Il capo economista del gruppo giapponese Nomura: «Paulson sbaglia. E per uscire dalla crisi l’Europa deve cancellare i vincoli di Maastricht»

nostro inviato a Tokio

Il Giappone che guarda a questa crisi con un po’ di distacco e, dopo 15 anni di vacche magre, anche un pizzico di voglia di rivalsa, detta a Europa e Usa le regole per provare ad uscirne.
«Quello che vediamo in questi giorni – dice Richard C. Koo, capo economista di Nomura (il primo gruppo bancario del Paese che in questi giorni sta comprando quel che resta di Lehman) e consulente economico del premier Taro Aso – è avvenuto tale e quale 19 anni fa qui da noi. Tutto è cominciato con la bolla immobiliare scoppiata nel 1989, a cui è seguito il crollo della Borsa e dopo il credit crunch. Per uscirne ci abbiamo messo 15 anni». Il Giornale incontra Koo, cha ha studiato a Berkeley e ha lavorato con Paul Volcker alla Fed, al nono piano del Marunouchi Kitaguchi building di Tokyo, proprio quando la Borsa della capitale asiatica sta cedendo il 4 per cento.
Il piano Usa non aiuta i mercati, dunque.
«Non può funzionare perché con questo piano non c’è nessuna iniezione di capitale pubblico nelle banche, ma c’è solo la sostituzione di asset (i mutui) con cash.
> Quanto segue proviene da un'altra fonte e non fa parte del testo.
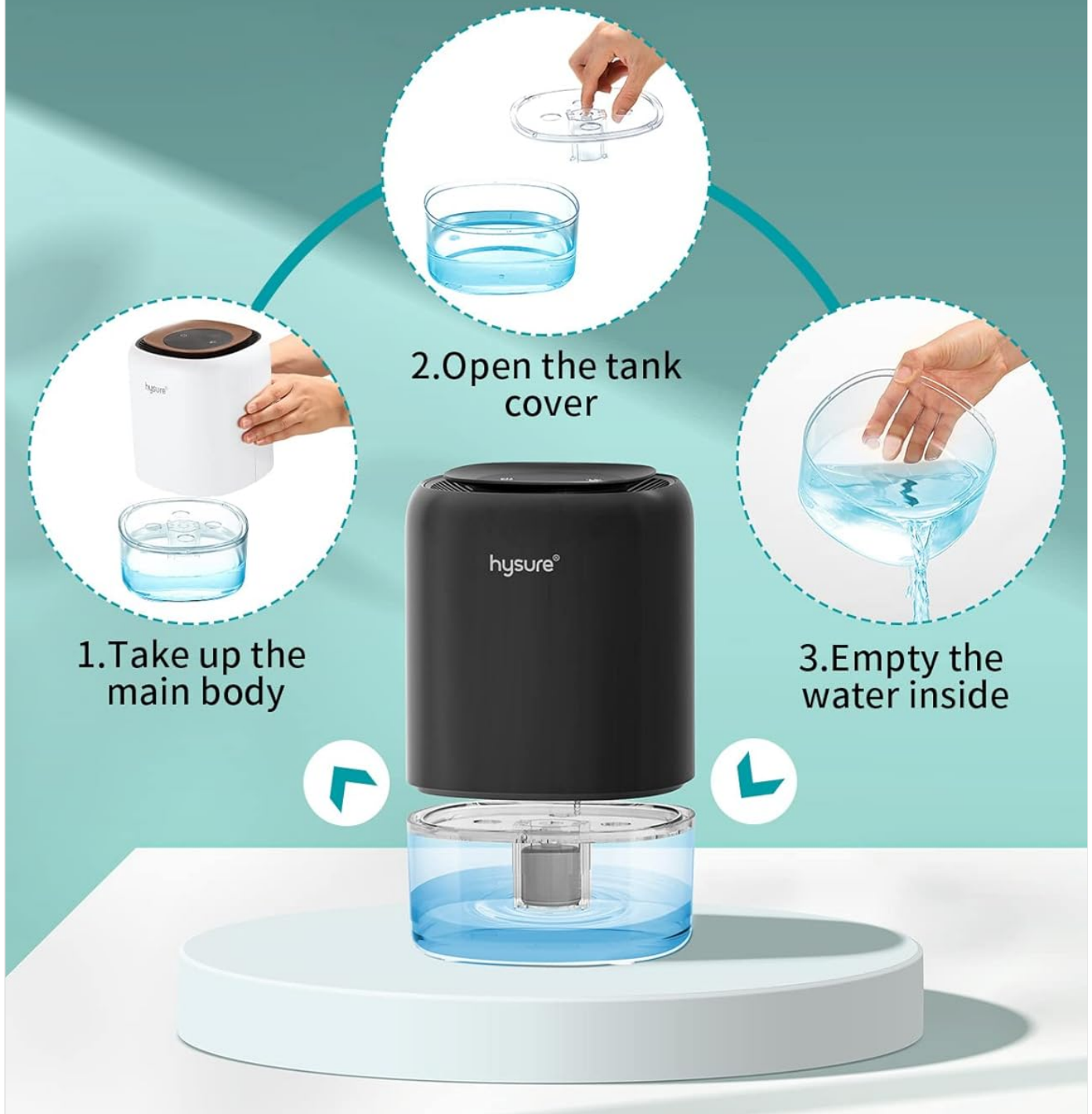
Image: A step-by-step visual guide demonstrating how to detach the main body, open the tank cover, and empty the 1400ml water tank for easy cleaning.

In Giappone la stretta del credito è stata evitata, negli anni Novanta, con l’iniezione di risorse pubbliche direttamente nel capitale delle banche, che così hanno ripreso a erogare credito. Paulson, invece, ha sbagliato due volte, con un comportamento infantile: prima ha fatto fallire Lehman, causando reazioni a catena e facendo perdere credibilità alle banche e alla vigilanza Usa. Poi ha fatto questo piano che è... spazzatura. I mercati resteranno fragili e vulnerabili».
Spazzatura?
«Sì, perché questa è una “recessione di bilancio”. Vale a dire che il crollo del mercato immobiliare ha creato a tanti un debito nel bilancio. E tutti cercano di colmarlo, utilizzando a questo fine ogni risorsa disponibile. Cioè, in queste condizioni, non conta più la massimizzazione del profitto, ma la minimizzazione dei rischi e dei debiti: chi ha del cash non lo investe, ma lo utilizza per abbassare il suo debito. E il pil si contrae, in una spirale».
Come si ferma la spirale?
«Con nuovo capitale pubblico. È quello che ha fatto Roosevelt nel ’33 e che noi abbiamo copiato negli anni Novanta. Gli americani non hanno memoria, ma è quello che dovrà fare il prossimo Presidente».
Una politica economica espansiva può passare anche dal taglio delle tasse, o dei tassi?
«No: il taglio delle tasse non serve. Il risparmio fiscale così ottenuto verrebbe di nuovo utilizzato per abbassare il debito, e saremmo da capo. E in queste condizioni anche la politica monetaria è indifferente per lo stesso motivo. Basta vedere cosa è successo mentre Bernanke ha tagliato i tassi dal 5,25 al 2% in un anno: niente di buono. Le Borse salgono per un paio di giorni, tutto lì. L’unica cosa che serve è una politica espansiva di spesa pubblica, accompagnata da incentivi fiscali mirati».
Non c’è un rischio-inflazione?
«No: le maggiori spese compensano la stretta del credito e la contrazione dei consumi che, viceversa, alimenterebbero una situazione deflazionistica».
E l’Europa?
«È sulla stessa strada. E per uscirne deve cancellare il vincolo al bilancio dello Stato imposto dai parametri del Trattato di Maastricht, debito pubblico e deficit possono aspettare. E l’Europa non è sola».
Non è sola?
«La Cina è in una situazione analoga a quella del Giappone di fine anni Ottanta: i prezzi delle case hanno iniziato a scendere prima ancora delle Olimpiadi, del 30% a Shanghai e Shenzhen».


E il Giappone? Il caso Nomura-Lehman mostra che tornerete a fare shopping?
«I recenti grandi investimenti li hanno fatti arabi e cinesi, a noi non ci avevano invitati. Ma ora loro hanno perso molti soldi, e siamo rimasti solo noi».